Records drawn from a dataset:
****************
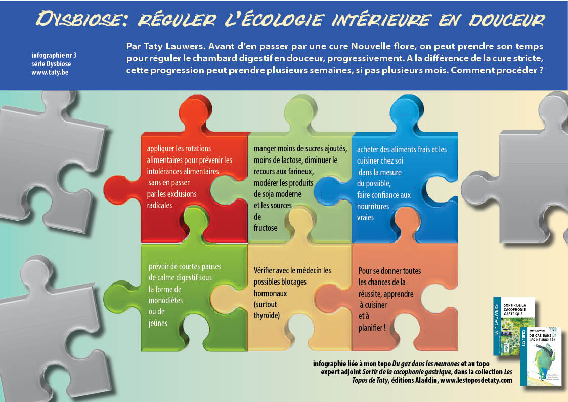 <a href="https://www.taty.be/dugaz/DG3regulerdouceurinfogr.html">"Dysbiose: réguler l’écologie intérieure en douceur, par Taty Lauwers - www.taty.be</a>.</p>
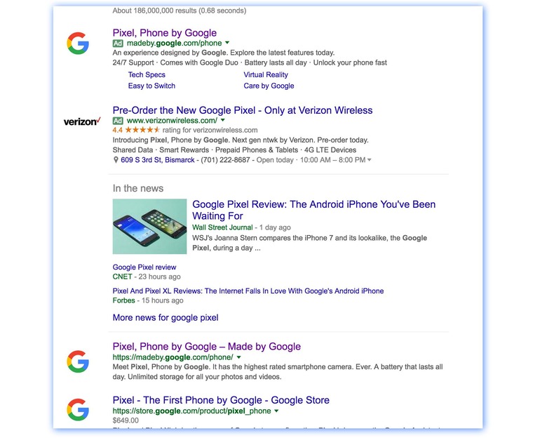 If a new user types "Google Pixel" into Google, several results appear. First, two advertisements – the first from Google, the second from Verizon. After "in the news", the next result is Google again, then Google yet again.
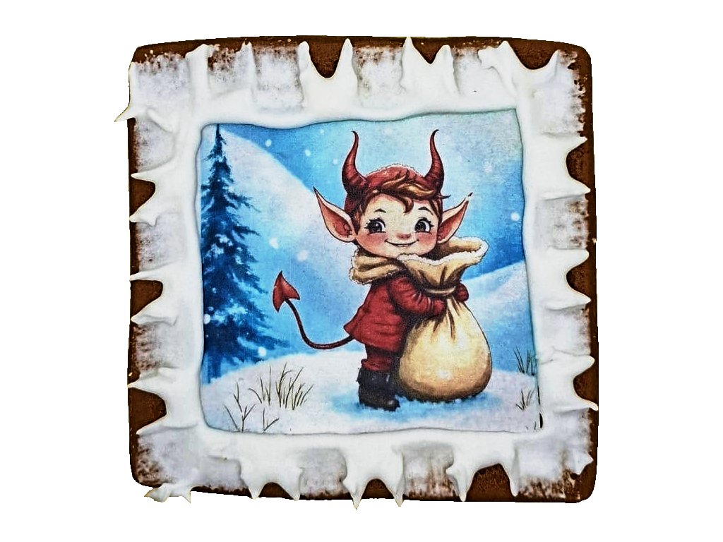 Jemný medový perník s motivem Čerta na jedlém papíru.
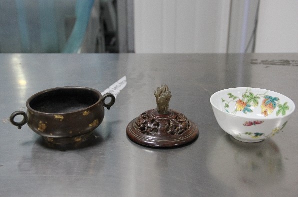 海关关员在对一件讲演品名为“连气儿件”的出境快件抓行搜检时,发现该快件内实质为炉、瓷碗等物品。经辽宁省文物考古商议院签订,其中1件香炉盖上装有清代青玉花鸟纹盖钮1件,1件香炉为清代双环耳铜炉,1件瓷碗为民国粉彩瓜碟纹碗,均属于国度辞谢或限定出境的一般文物。
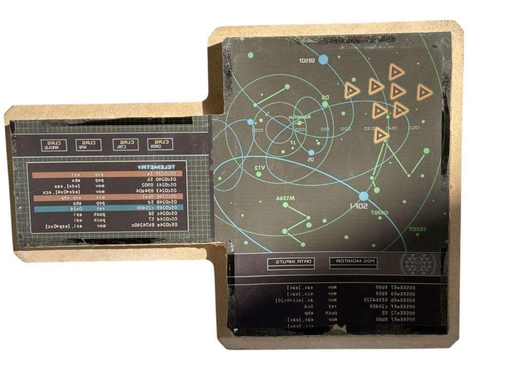 Original Galactica telemetry control panel used in the science fiction television series 'Battlestar Galactica' (2004 - 2009) where, when an old enemy, the Cylons, resurface and obliterate the 12 colonies, the crew of the aged Galactica protect a small civilian fleet - the last of humanity - as they journey toward the fabled 13th colony, Earth.
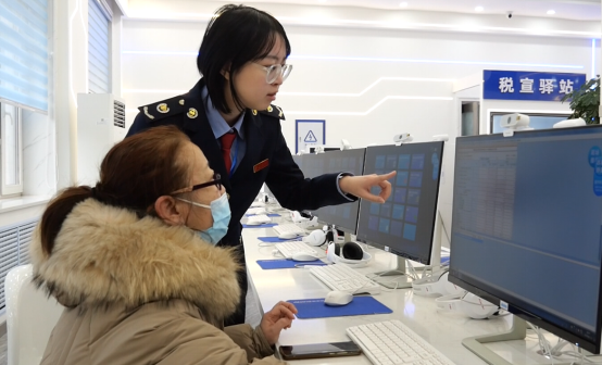 (税务干部辅导年龄偏大的纳税人使用电子税务局办税)
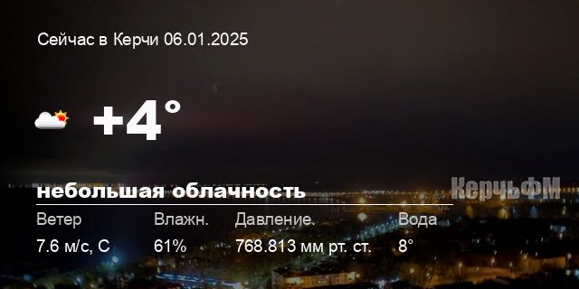 Сегодня днем в Керчи, 06 января, ожидается небольшая облачность, температура воздуха от +1° до +7.8°С, ветер северный 8.32 м/с, порывы до 9.76 м/с, давление 768.1 мм рт. ст., влажность 68%.
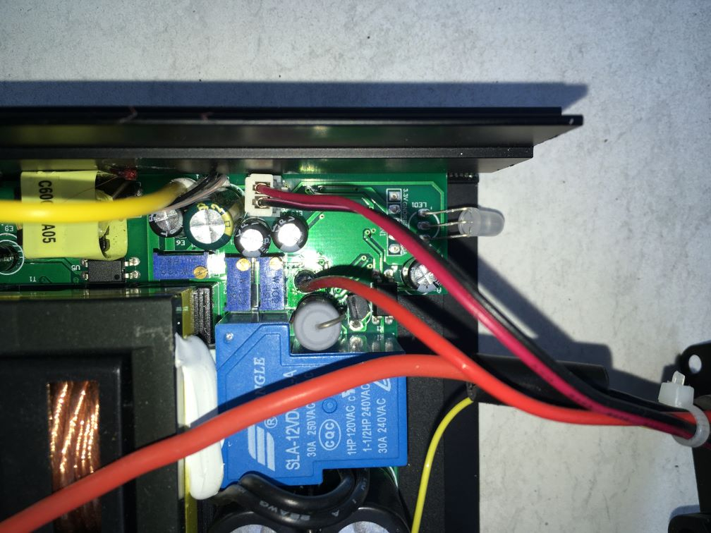 Weil ich das Ladegerät ja gerade offen hatte habe ich noch eine Schleife am Minusanschluss des Ladesteckers angeschlossen ( die roten Strippen im Bild ) um auch mal ein Ampermeter oder mal eben kurz das Zangenampermeter an zu Klemmen. Der Lader bringt bei mir 8,6 Amper.
****************
### [TASK DESCRIPTION]
In the records above, locate the line with "Сегодня днем в"; output it and each line after it through the last one, exactly, omitting pictures.

### [RESPONSE TO THE EXERCISE]
 Сегодня днем в Керчи, 06 января, ожидается небольшая облачность, температура воздуха от +1° до +7.8°С, ветер северный 8.32 м/с, порывы до 9.76 м/с, давление 768.1 мм рт. ст., влажность 68%.
 Weil ich das Ladegerät ja gerade offen hatte habe ich noch eine Schleife am Minusanschluss des Ladesteckers angeschlossen ( die roten Strippen im Bild ) um auch mal ein Ampermeter oder mal eben kurz das Zangenampermeter an zu Klemmen. Der Lader bringt bei mir 8,6 Amper.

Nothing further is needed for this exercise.